The aim of this study was to develop and map a flood exposure index for NSW’s Hawkesbury-Nepean Catchment, based on a set of key and easily sourced indicators. The indicators chosen were population density, land use type, and critical infrastructure density. This research can in turn be bolstered by flood hazard and vulnerability indices for the catchment within the context of overall flood risk.

It was found that flood exposure is higher on or near the catchment’s floodplain rivers, alongside the Hawkesbury and Nepean Rivers and related tributaries.

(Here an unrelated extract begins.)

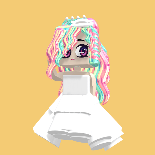 White dress with multicoloured hair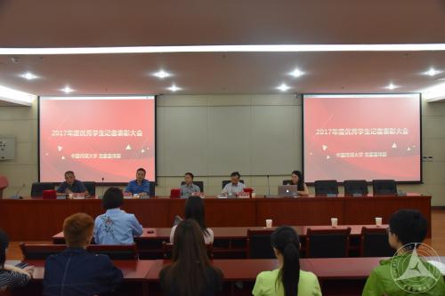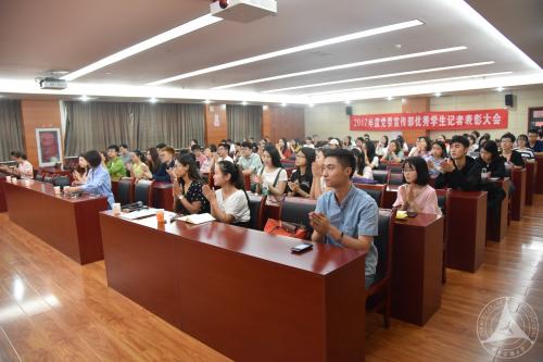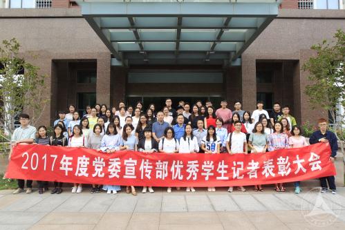 大会由裴鸣副部长主持。会议经一段轻松温馨的校级媒体宣传短片引入,王维家副主任宣读了关于表彰2017年度优秀学生记者的决定,陈杨园、张清霞等数十名优秀学生记者获得表彰。紧接着,在一阵阵热烈的掌声和欢快的乐曲声中,优秀记者依次上台领奖并合影。

This is due to urban development around the floodplain, which in turn results in higher population, land, and critical infrastructure exposure. Goulburn also presented extreme flood exposure, despite being a great distance from the floodplain to the east of the catchment. This is due to its historic origins as NSW’s first inland town, which has provided the opportunity for socioeconomic development and thereby higher flood exposure.

This study is a valuable contribution to the discussion of flood management in Australia and abroad. The strongly correlated indicators of population density, land use type, and critical infrastructure density are suitable proxies in describing the flood-exposed landscape of NSW’s Hawkesbury-Nepean Catchment. Insights from this proof-of-concept can also assist flood mitigation and adaptation in other flood-prone areas outside of the study area; this is bolstered by the openly accessible nature of an index-based methodology. Ultimately, this novel research can help relevant stakeholders to better understand flood risk management for disaster risk reduction. In an increasingly flood-prone landscape in the presence of anthropogenic climate change, the replicable and scalable Flood Risk Assessment scoped by this research will be key to meaningful and proactive action on flood mitigation and adaptation. It is recommended that the methodology used for this study is considered as a potential framework for further index-based flood assessment approaches.